Stages of Detected Cancers

The stage of cancers detected by the organized screening program was determined according to the international TNM classification of malignant tumors.³ This classification system allows cancers to be categorized according to their degree of anatomical spread: local (or T), lymph node (or N), and metastatic (or M) involvement. For the colon and rectum, it applies only to adenocarcinomas. For colon cancers, the pTNM histopathological classification was used. For rectal cancers, which may undergo neoadjuvant treatments prior to surgery—resulting in a change in the T, N, or M stage of the detected tumor—the quality of available data and the heterogeneity of methods for documenting staging information do not allow for the determination of the pre-treatment TNM stage. Consequently, only colon cancers (including the rectosigmoid junction) and rectal cancers that did not receive neoadjuvant therapy were included.
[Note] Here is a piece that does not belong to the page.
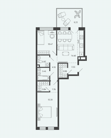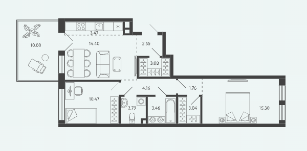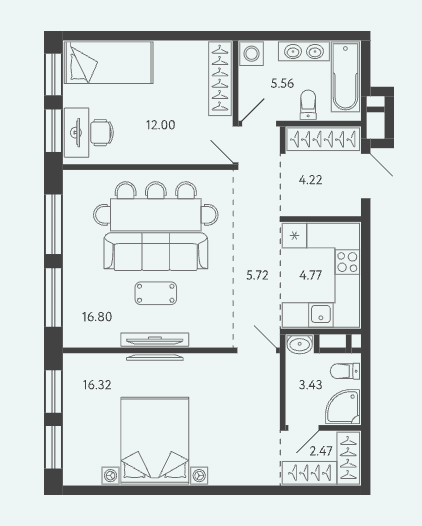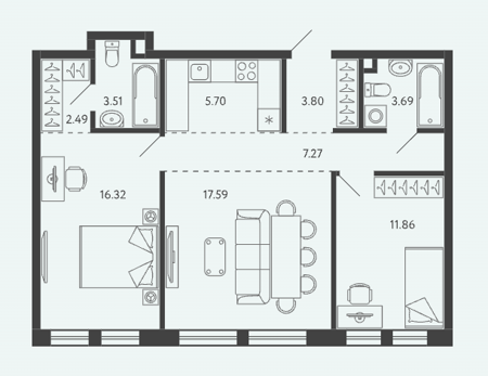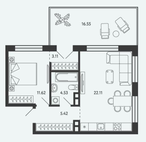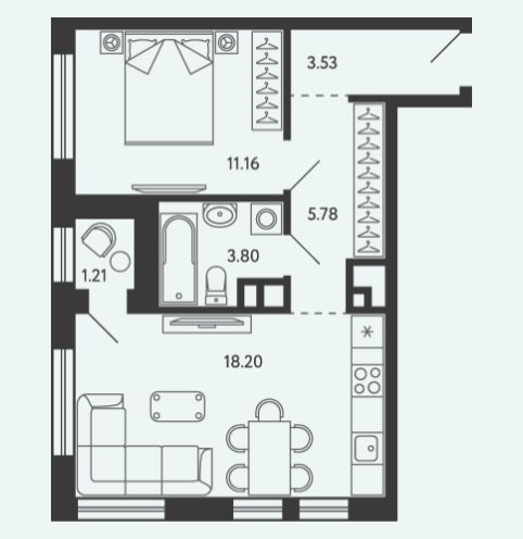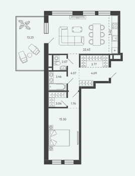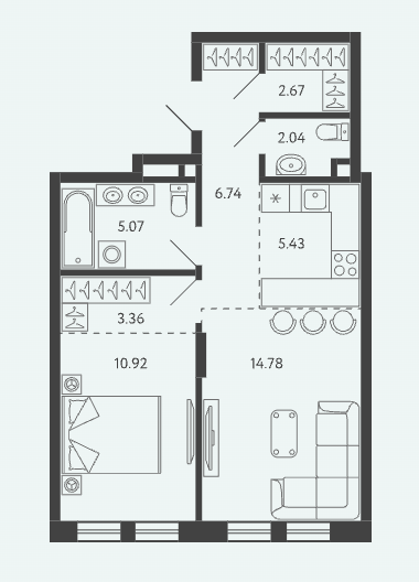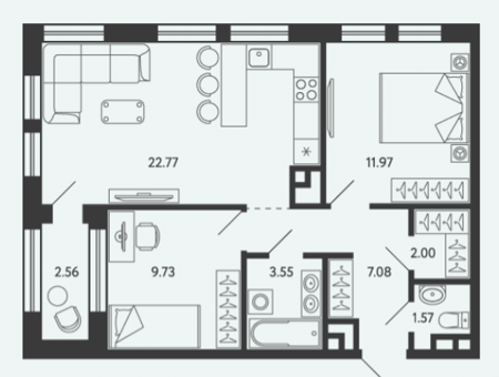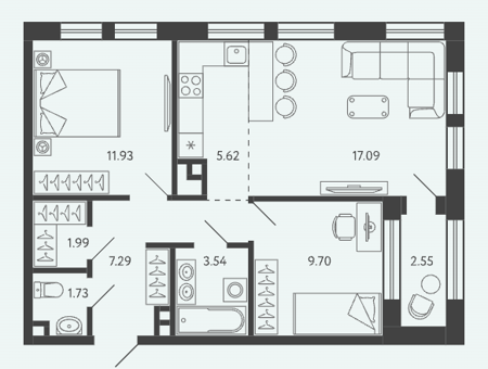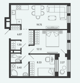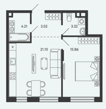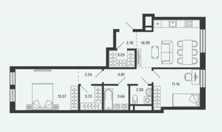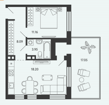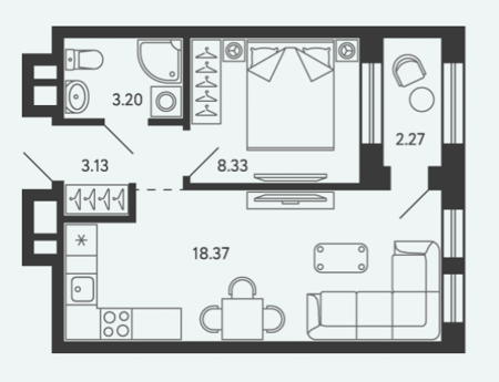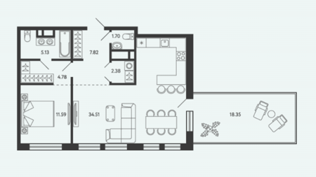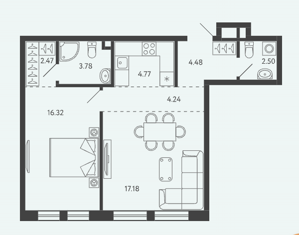 Площадь от 34.17 м2

The cancer stage is considered unknown when at least one of the T, N, or M data points is unknown (unless pT=Tis, in which case the TNM stage is in situ, or unless M=M1, in which case the TNM stage is IV). Among the detected adenocarcinomas of the rectum (without neoadjuvant treatment) and colon, this information is missing in 36.1% of patients. When the stage cannot be determined, T is missing in 17.2% of cases, N in 20.2% of cases, and M in 34.9% of cases. This percentage of adenocarcinomas with unknown stage reveals significant regional variation, as information on the metastatic status of detected cancers is difficult to access.

The description covers only the 42 departments with less than 30% missing data on cancer stages, corresponding to 5,167 detected colorectal adenocarcinomas (without neoadjuvant therapy). Among these adenocarcinomas, 11.6% are of unknown pTNM stage.

Among adenocarcinomas with a known stage, 29.5% are carcinomas in situ and 70.5% are invasive cancers (stages I to IV), of which 43.9% are stage I, 22.8% are stage II, 23.2% are stage III, and 10.1% are stage IV (see table in xlsx format and pdf format).